My Lecture, My Husband

My Lecture, My Husband
22. Tante Nunu



Mas Arka memarkirkan motornya di samping rumah, aku bisa melihat dari jauh kalau rumah sudah ramai. Aku dengan cepat turun dari motor, masih dengan mata tetap terfokus ke dalam rumah.


"Kayaknya tamunya Ibu sudah datang," beritahuku saat Mas Arka berdiri di sampingku, aku mendongak menatap Mas Arka "Tante Mas itu orangnya bagaimana?"


Dia mengedikkan bahunya "Aku jarang bertemu."


Aku mangguk mangguk, aku sudah mendengar kalau Mas Arka memang tidak tinggal bersama keluarganya sejak kecil.
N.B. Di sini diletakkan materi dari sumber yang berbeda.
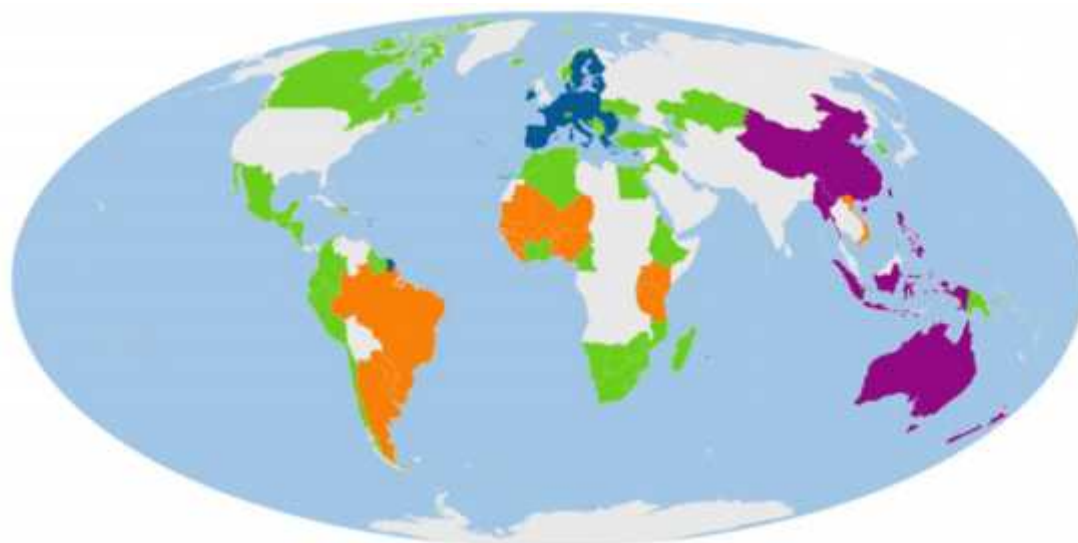
Figura 3 – Ponto de situação dos acordos comerciais estabelecidos pela UE em Maio de 2020

Aku menatap Mas Arka yang lagi lagi meraih tanganku, menggenggamnya sambil berjalan menuju rumah


Suamiku tidak kesurupan kan?


"Assalamu'alaikum!" salamku begitu masuk melewati pintu


Semua yang ada di ruang tamu langsung melihat kami, karena merasa kurang nyaman, aku mendekat ke arah Mas Arka. Beberapa orang asing melihat kami, terlebih tante tante gendut yang duduk di samping Ibu, tatapannya yang sinis ke arahku membuatku kurang nyaman.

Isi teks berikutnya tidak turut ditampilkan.